Modified Laser Cutter Prints 3D Objects from Powder

Researchers in the Miller Lab at Rice University’s Department of Bioengineering used a commercial-grade CO2 laser cutter to create OpenSLS, an open-source, selective laser sintering platform that can print intricate 3D objects from powdered plastics and biomaterials. (Source: J. Fitlow, Rice University)

Researchers in the Miller Lab at Rice University’s Department of Bioengineering used a commercial-grade CO2 laser cutter to create OpenSLS, an open-source, selective laser sintering platform that can print intricate 3D objects from powdered plastics and biomaterials. (Source: J. Fitlow, Rice University)

Rice University bioengineering researchers have modified a commercial-grade CO2 laser cutter to create OpenSLS, an open-source, selective laser sintering platform that can print intricate 3D objects from powdered plastics and biomaterials.

“SLS technology … is one of the only technologies for 3D printing that has the ability to form objects with dramatic overhangs and bifurcations,” said Jordan Miller, an assistant professor of bioengineering at Rice who specializes in using 3D printing for tissue engineering and regenerative medicine. “SLS technology is perfect for creating some of the complex shapes we use in our work, like the vascular networks of the liver and other organs.”

“Designing our own laser-sintering machine means there’s no company-mandated limit to the types of biomaterials we can experiment with for regenerative medicine research,” said Ian Kinstlinger, a graduate student in Miller’s group who designed several of the hardware and software modifications for OpenSLS. The team showed that the machine could print a series of intricate objects from both nylon powder and from polycaprolactone, or PCL, a nontoxic polymer that’s commonly used to make templates for studies on engineered bone.

“In terms of price, OpenSLS brings this technology within the reach of most labs, and our goal from the outset has been to do this in a way that makes it easy for other people to reproduce our work and help the field standardize on equipment and best practices,” Kinstlinger said. “We’ve open-sourced all the hardware designs and software modifications and shared them via Github.”

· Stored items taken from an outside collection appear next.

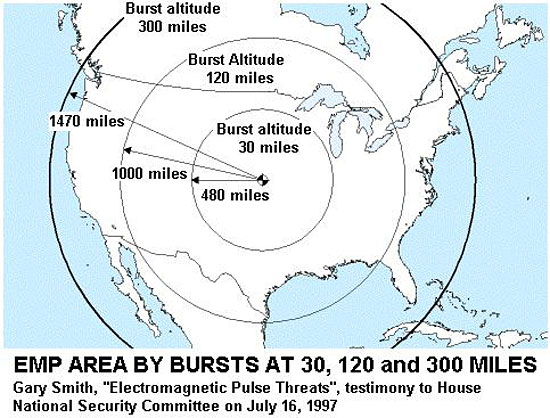 しかし核ミサイルによる地上攻撃よりも遥かに恐ろしいとされるのが、高度上空で核爆発を起こしそれによって発生する電磁パルス (Electromagnetic Pulse)で電力インフラや通信・情報装置を機能不全にする電磁パルス (EMP)攻撃です。
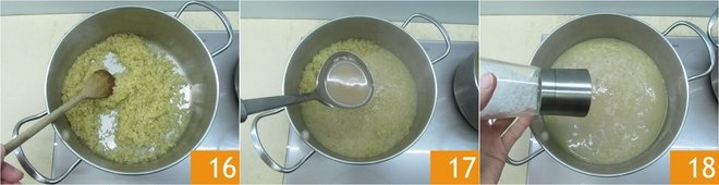 Stir and toast it for a few minutes 16. Deglaze with the squid broth 17 and continue cooking, adding more broth as needed. Halfway through cooking, season with salt 18.
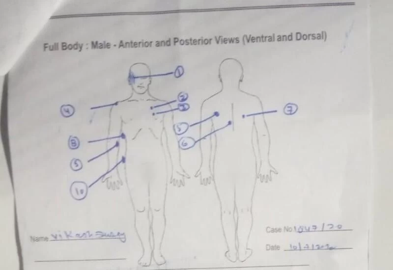 According to the post-mortem report, three bullets pierced through his body. There were ten injuries on the body. The first bullet struck his right side shoulder and two others at his chest on the left side.
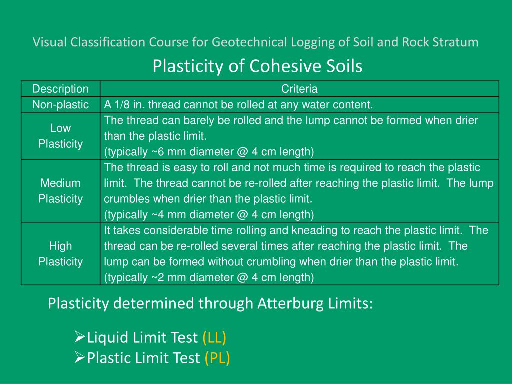 Visual Classification Course for Geotechnical Logging of Soil and Rock Stratum Plasticity of Cohesive Soils • Plasticity determined through Atterburg Limits: • Liquid Limit Test (LL) • Plastic Limit Test (PL)
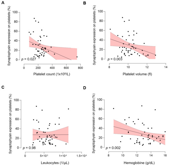 Association of pSyn with hematological parameters. (A) Correlation of pSyn expression and platelet count, platelet volume (B), leukocyte count (C), and hemoglobin concentration (D). Line indicates linear regression, gray area 95% CI interval.
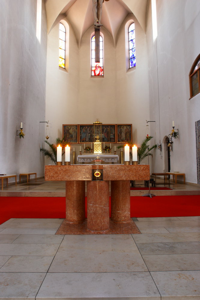 Augsburg-Kriegshaber Kirche Hlst. Dreifaltigkeit, Hochaltar, Apsisfenster fon Georg Bernhard, vorne Volksaltar 2010
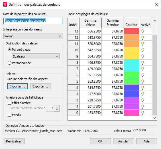 À l'aide de jeu d’outils AutoCAD Raster Design, vous pouvez afficher une surface de terrain DEM avec codage couleur par élévation, degré d'inclinaison ou aspect (direction d'inclinaison). Dans la boîte de dialogue Définition des palettes de couleurs, spécifiez les attributs à afficher, puis définissez le nombre de plages de valeurs, la couleur de chaque plage, ainsi que la stratégie de distribution des plages sur l’étendue des valeurs de données.
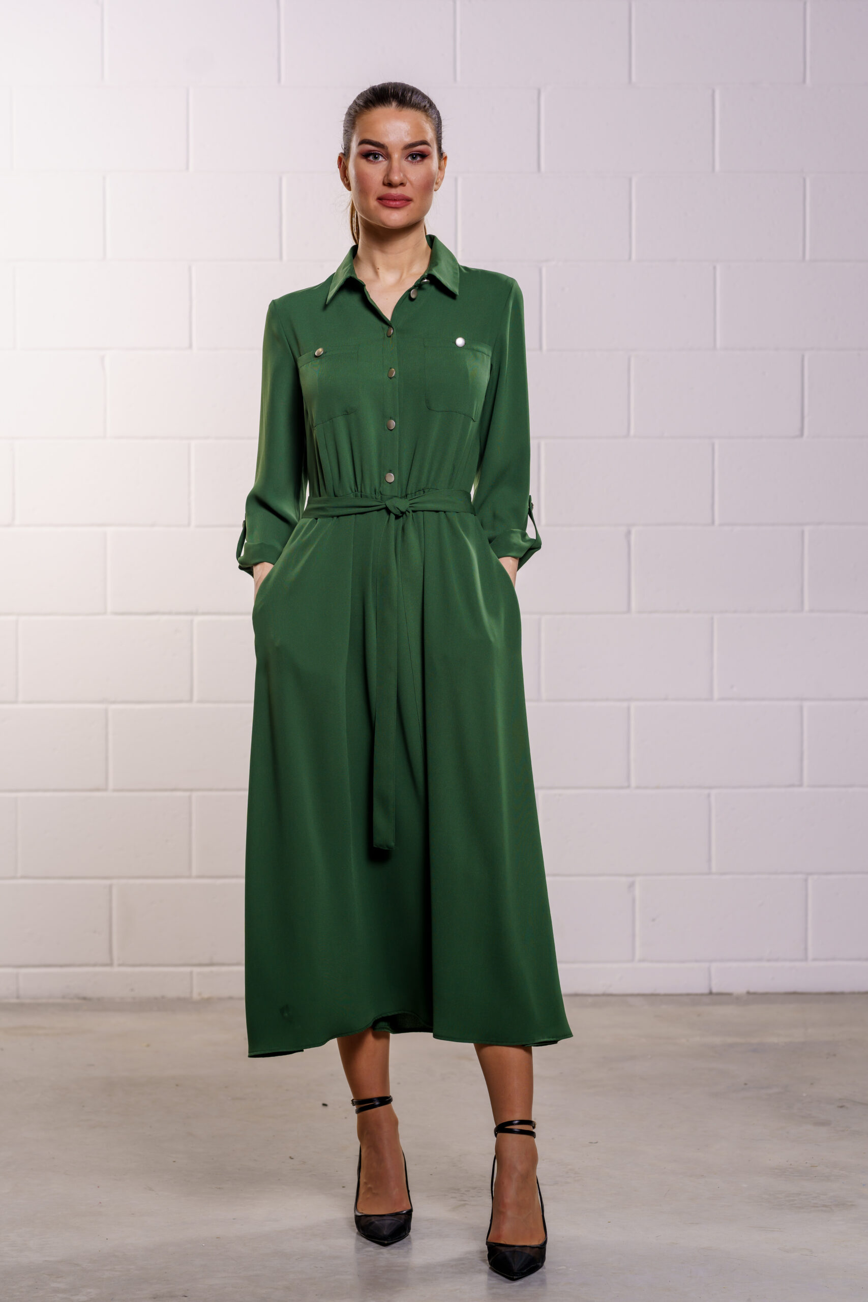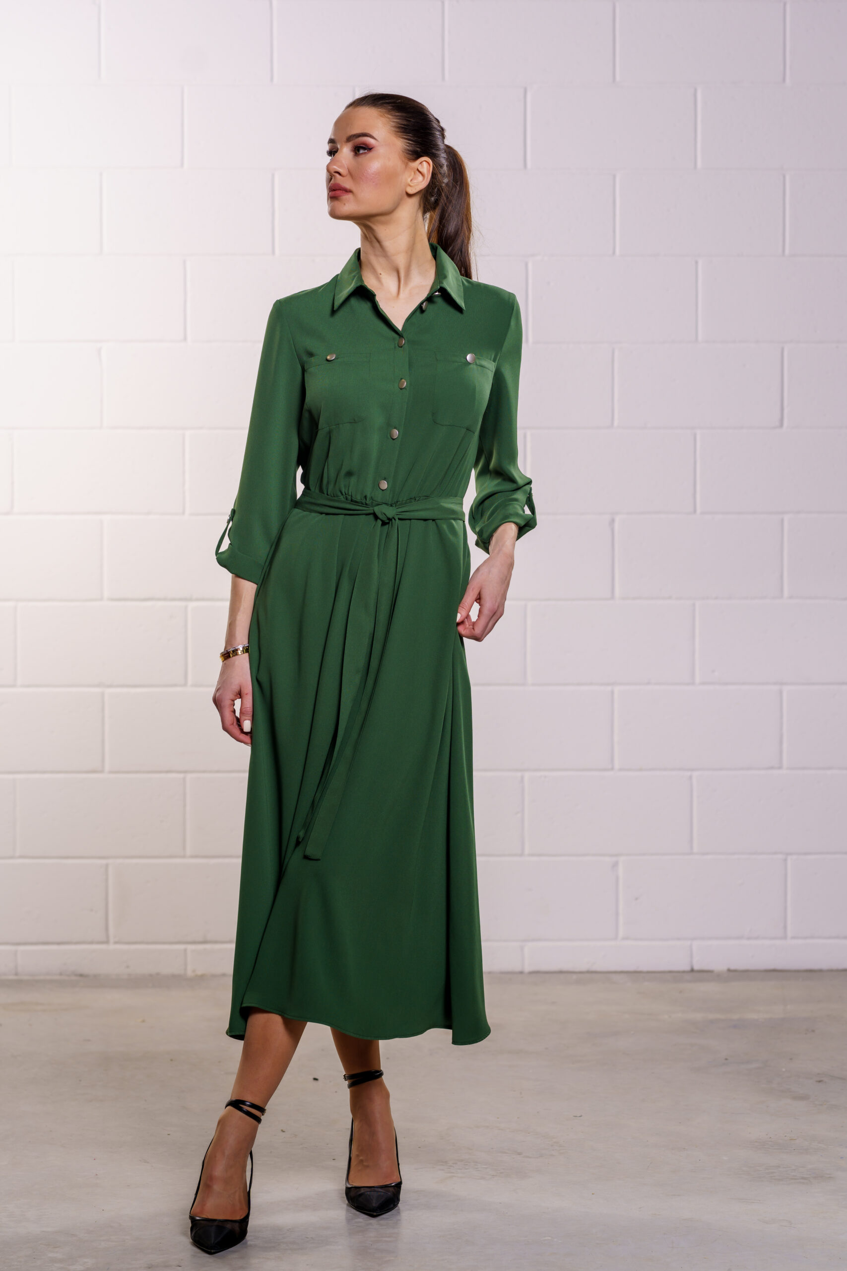 Kleidil on nööbid kuni vööni
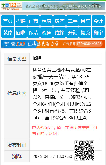 | 防骗提醒: | 宁晋123(www.nj123.cc)提醒您:手工活、网络兼职、刷单,都是骗子!凡以各种名义收取费用的都是骗子!找工作是往兜里挣钱,让你往外掏钱的都是骗子!异地招聘请提高警惕,谨防诈骗! |
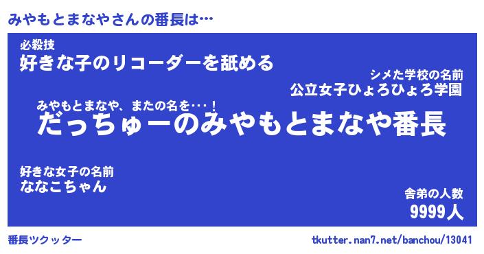 | 意味不明あだ名 | 『ペロリンみやもとまなや』 |
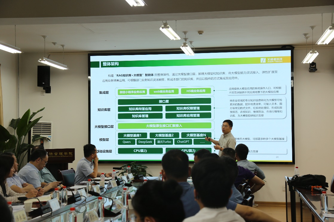 我校2015届生命科学学院校友、杭州艾格睿科技有限公司总经理高霈介绍了公司技术情况,讲解了大模型的技术路线和研发计划,着重介绍了多个大模型赋能农业的具体应用场景:如智能物联网平台、智能空间大数据平台、水肥排灌智能调度、植保无人机作业、AI农技咨询、农业行情判断以及智能农业生产管理,并结合实际案例展示技术落地成效。此外,高霈还围绕大模型后续迭代升级和场景推广应用,系统性提出可落地的解决方案,为后续的升级开发与产业应用提供清晰路径。并现场与学校签订了联合开发“后稷农业大模型”的协议。
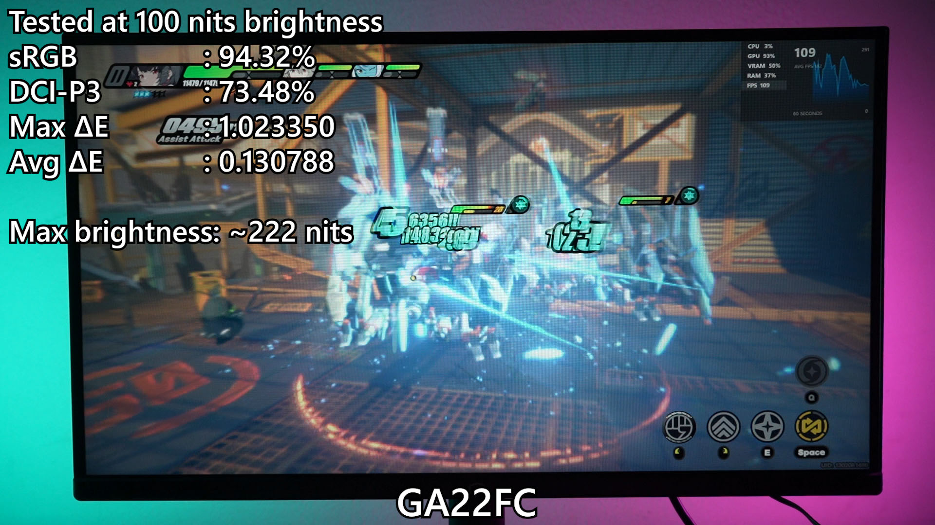 For the GA22FC, our colorimeter reports that this monitor covers around 95% of sRGB color gamut and has a very low ΔE number. The maximum achievable brightness is also not bad – we’re getting around 222 nits as well.
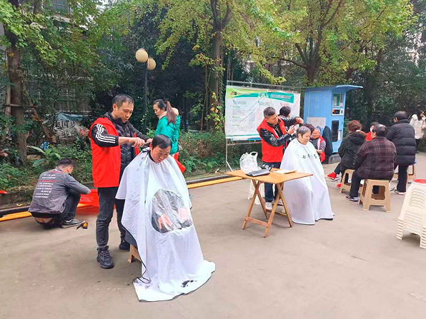 与此同时,义剪区域也围满了居民。理发师们手法娴熟,为居民们精心修剪头发。在居民们享受免费理发服务的同时,义剪志愿者们也不忘宣传宪法。他们用通俗易懂的语言向居民们讲述宪法在日常生活中的重要性,例如宪法对劳动者权益的保护、对家庭婚姻关系的规范等,使居民们在轻松愉快的氛围中接受了宪法教育。
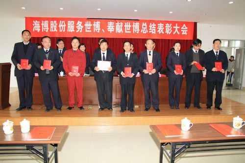 海博股份副总裁谢云在大会上宣读了《关于表彰服务世博、奉献世博先进集体和先进个人的决定》,在此次服务世博中,海博股份有9个集体和81人次被评为上海市各级先进集体和先进个人,海博股份还评选出16 个先进集体和 370 名先进个人。股份公司领导洪明德、汤玉萍为荣获上海市世博先进集体称号的海博世博车队和海博租赁世博服务车队颁发了奖牌。

“The cutter’s laser is already in the correct wavelength range – around 10 µm – and the machines come with hardware to control laser power and the x-axis and y-axis with high precision,” Miller said. Andreas Bastian, an artist and engineer, took on the challenge of creating the open-source SLS printer. He designed an integrated, high-precision z-axis and powder-handling system and fitted it with open-source, 3D printer electronics from Ultimachine.com. Miller said Bastian even used the machine’s laser-cutting features to produce many of the acrylic parts for the powder-handling system.

“You can actually cut most of the required parts with the same laser cutter you are in the process of upgrading,” Miller said. “It’s around $2,000 in parts to build OpenSLS, and adding the parts to an existing laser cutter and calibrating the machine typically takes a couple of days.” By the time Bastian left Rice in the fall of 2013, “we had demonstrated proof of concept,” Miller said, “but a great deal of additional work still needed to be done to show that OpenSLS could be useful for bioengineering, and that is what Ian and the rest of the team accomplished.”

Unlike most commercial SLS platforms, Rice University’s OpenSLS allows researchers to work with their own powdered materials, including specialized biomaterials like polycaprolactone, or PCL, a common nontoxic polymer that was used to print these tissue-engineering scaffolds. Researcher Ian Kinstlinger developed a method for smoothing the surfaces (left) of newly printed scaffolds (right) using vaporized solvent. (Source: J. Fitlow, Rice University)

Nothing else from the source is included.